The report added that: “It is anticipated that in aggregate the proposed scheme would have no material impact on London’s economy but a minor negative impact on SMEs in certain sectors of the economy, including tradespeople, street markets, and self-employed delivery drivers.”

The City Hall study published in February estimated that 94 percent of vehicles operating in the current ULEZ boundaries meet emissions standards. The Jacobs report cites Transport for London figures which estimate that 91 percent of private cars, 97 percent of private hire vehicles, and 82 percent of light goods vehicles in outer London meet ULEZ emissions standards.

City Hall Conservatives did not respond when we pointed out that the FSB’s findings only covered those with non-compliant vehicles, rather than all small businesses in London as Bailey had claimed.

“There has been a huge amount of information published around ULEZ expansion, including a sizable amount of misinformation,” a Mayor of London spokesperson told DeSmog.

“Expanding the ULEZ London-wide will enable millions more people to breathe cleaner air. For vehicles that aren’t ULEZ compliant, the mayor has introduced the biggest vehicle scrappage scheme of any city in the UK.

“The experts are clear that around 4,000 Londoners die prematurely each year due to toxic air pollution, children are growing up with stunted lungs and thousands of people in our city are developing life-changing illnesses, such as cancer, lung disease, dementia and asthma.”

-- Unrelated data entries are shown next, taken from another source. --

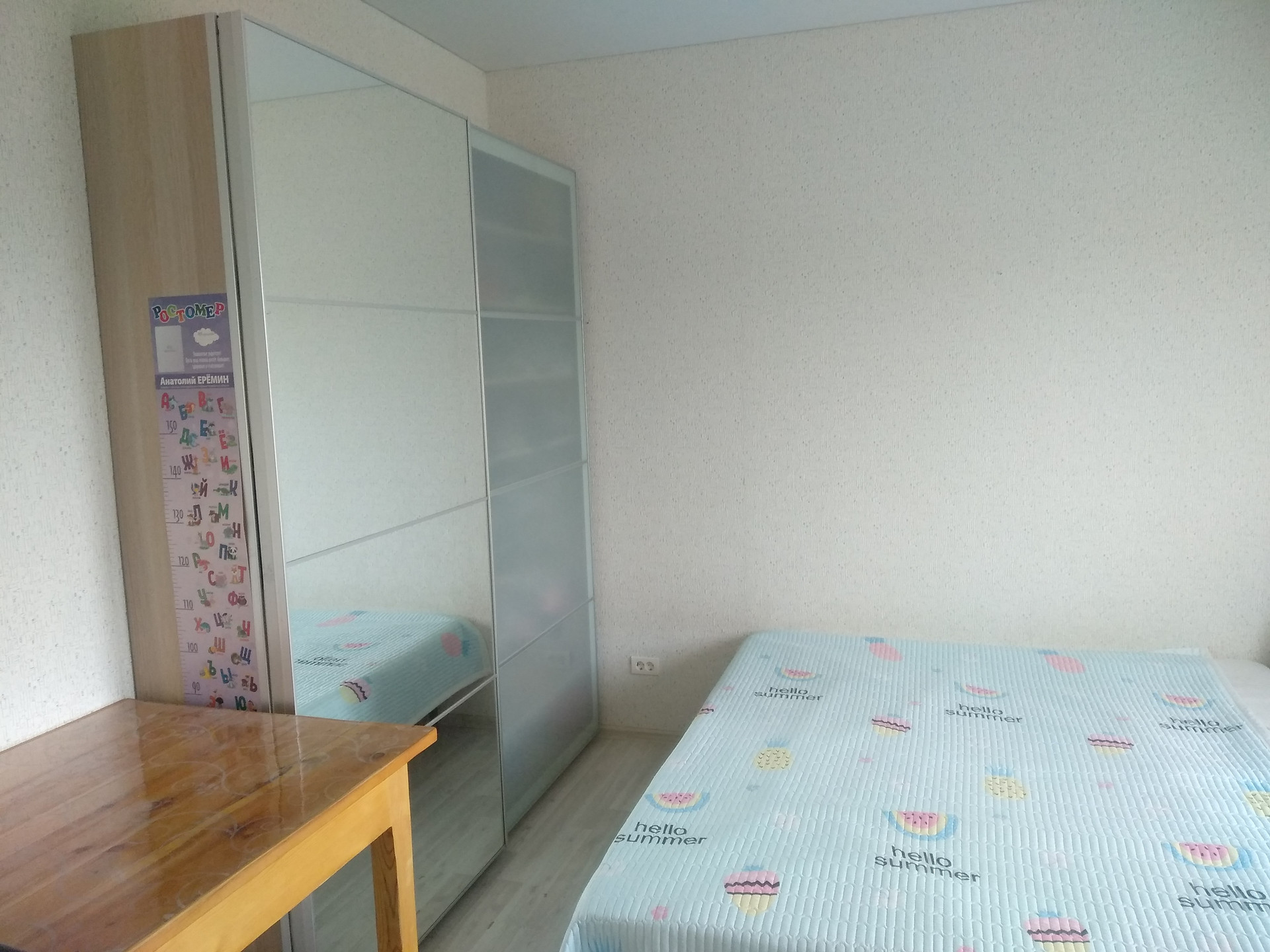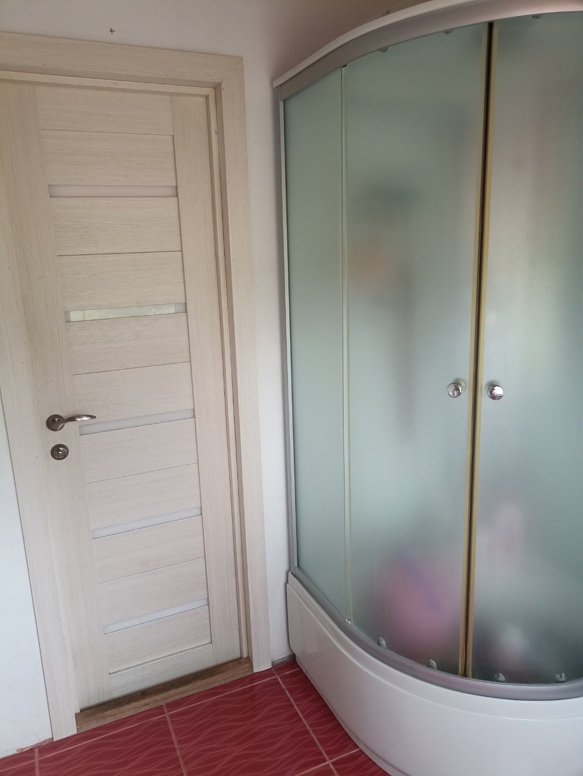 Первый этаж: просторная кухня-гостиная (40 кв.м.) с двумя окнами и одной балконной дверью, которая может служить выходом в сад (стены готовы под покраску или поклейку обоев, потолок не натянут, на полу ламинат, цвет сосна канадская). Спальня (14 кв.м.), установлен натяжной белый матовый потолок, на стенах обои, пол ламинат цвет молочный дуб. Так же на первом этаже ванная комната с унитазом, раковиной, и очень удобной душевой кабиной с глубоким поддоном (стены покрашены, потолок не установлен, на полу плитка и регулируемый электрический теплый пол).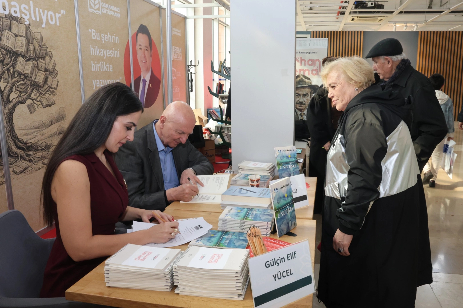 Osmangazi Belediyesi standına da uğrayan Işık Öğütçü, kitapseverlerle bir araya gelerek imza etkinliği gerçekleştirdi.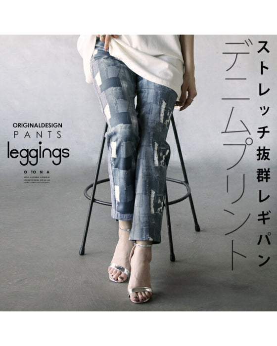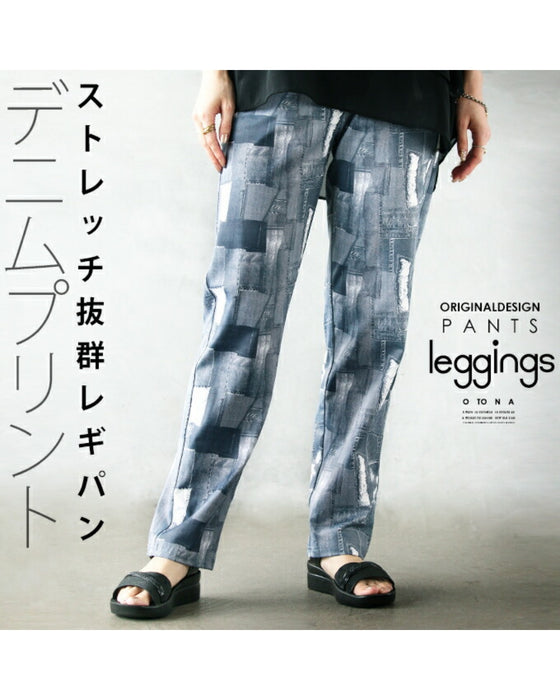 ■ Leggies with a denim print that are easy to handle and highly stretchable.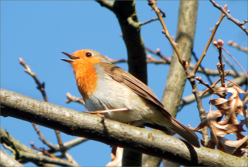 Was für ein zauberhaftes Foto von dem so ganz entspannt im Hier und Jetzt zwitschernden Rotkehlchen, lieber Peter. Ich habe gesucht, wie es singt, hier kann man es kurz hören (und auch sehen):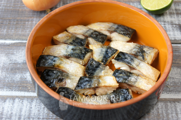 Разогрейте сковороду с оливковым маслом, выложите кусочки скумбрии кожей вниз.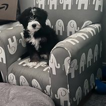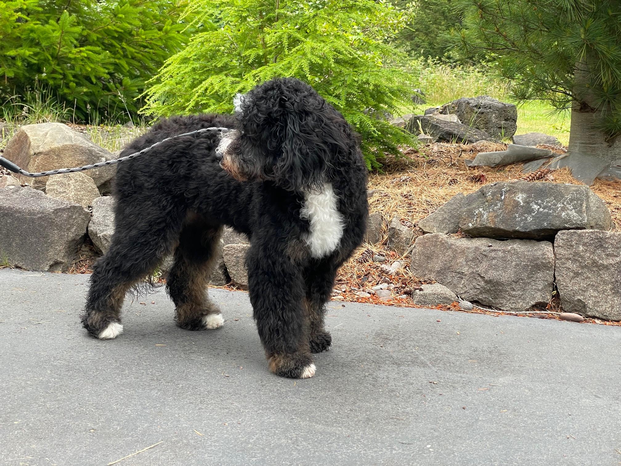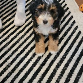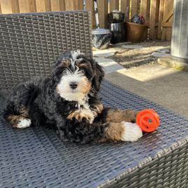 Westley is a small mini, multi-generational Bernedoodle from our own lines. He is extremely sweet with a great temperament. He is fully furnished with a straight coat and clear genetics. Good hips & elbows. Gorgeous dark, non-fading black and copper points.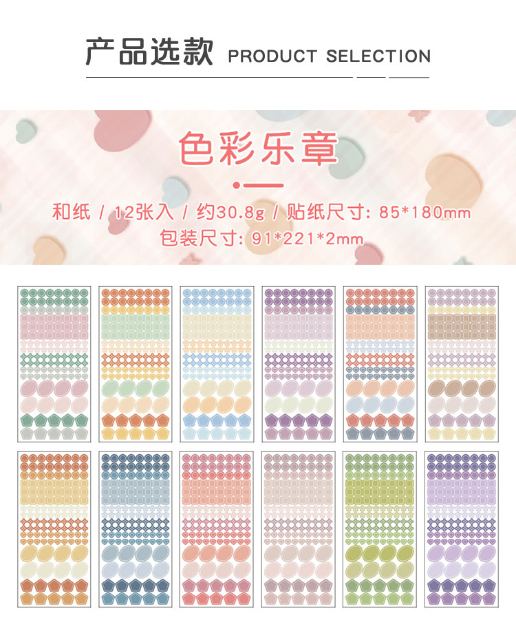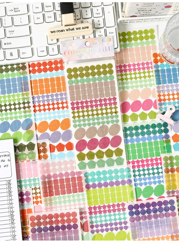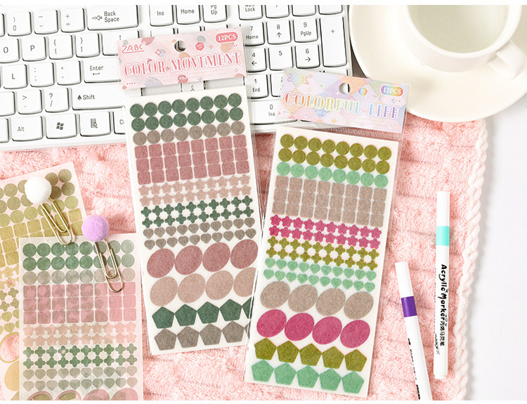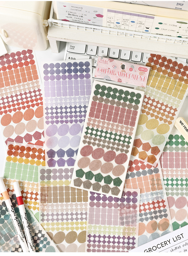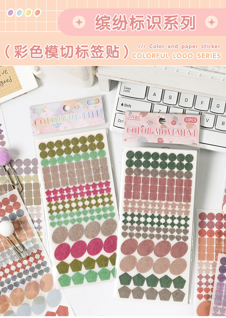 Logotipo colorido y pegatinas de papel diy diario diario de mano pegatinas gráficas geométricas pegatinas de sello de color Morandi pegatinas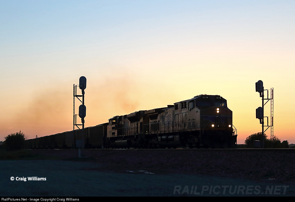 As the sun sets this eastbound coal train slams thru the control point at CPU 108, near Blairstown in central Iowa. This PRB coal train is bound for unloading at the Oak Creek, WI, plant for Wisconsin Electric Power.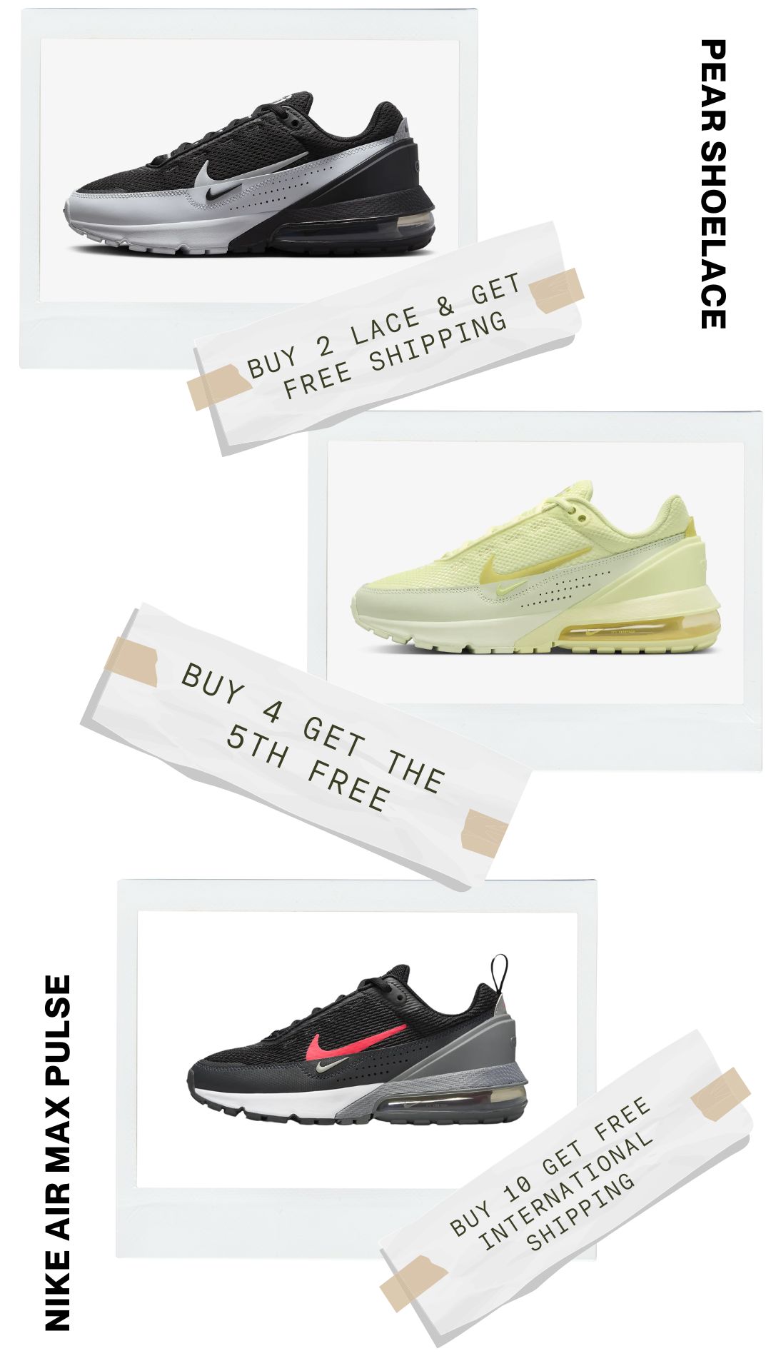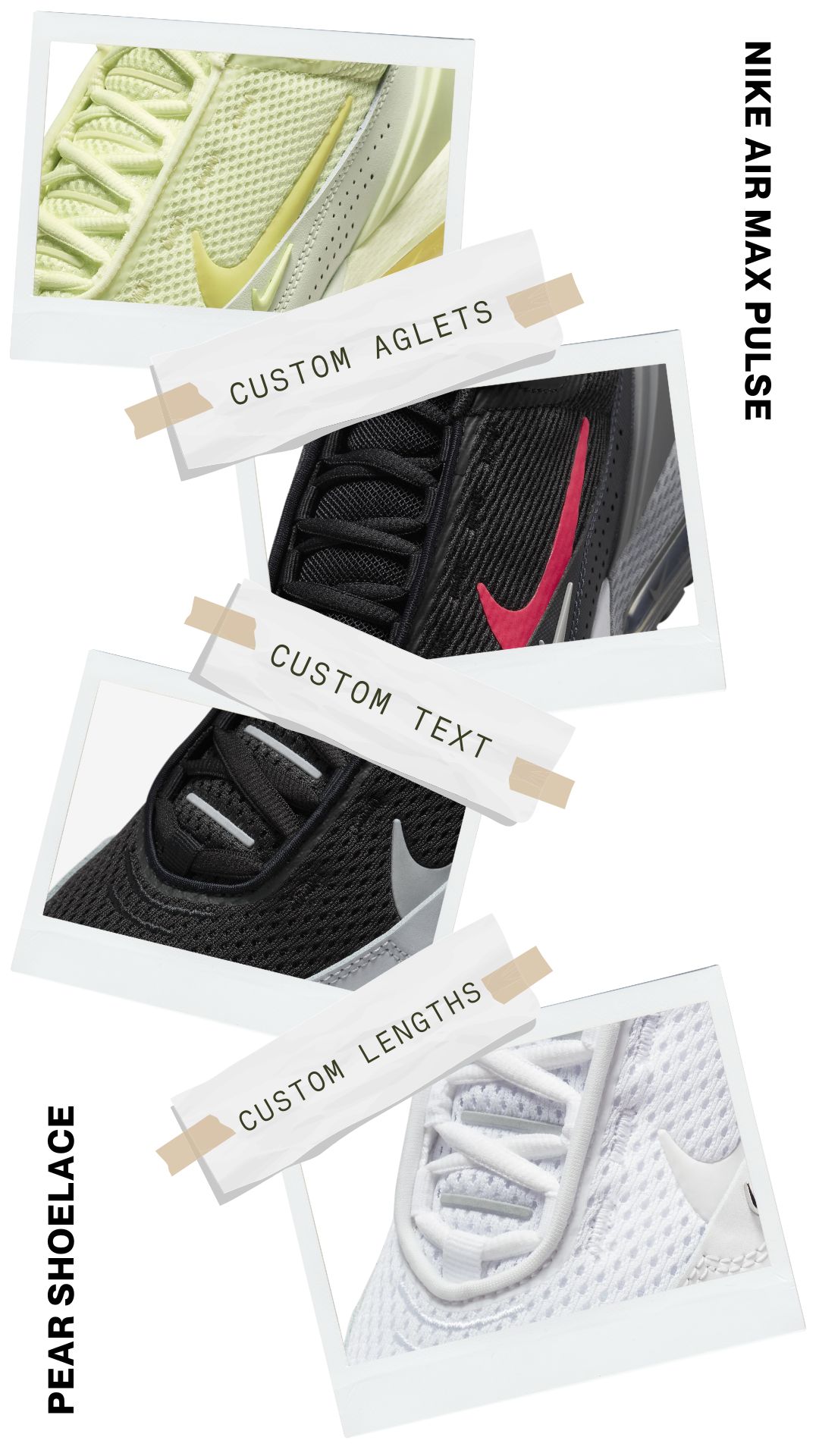 Upgrade your Nike Air Max Pulse sneakers today with our premium replacement shoelaces. Browse our collection and give your sneakers the fresh look they deserve. Shop now for a stylish and comfortable update with Pear Shoelaces!

The TPA is based in 55 Tufton Street, Westminster, which has historically acted as the axis of activity among influential libertarian groups. As revealed by DeSmog in April, directors at Tufton Street groups have donated more than £600,000 to the Conservatives since Sunak became prime minister in October. More than half a dozen Tufton Street alumni also currently serve as special advisers to the government, while seven ministers have appeared at events hosted by Tufton Street groups since Sunak became prime minister in October. 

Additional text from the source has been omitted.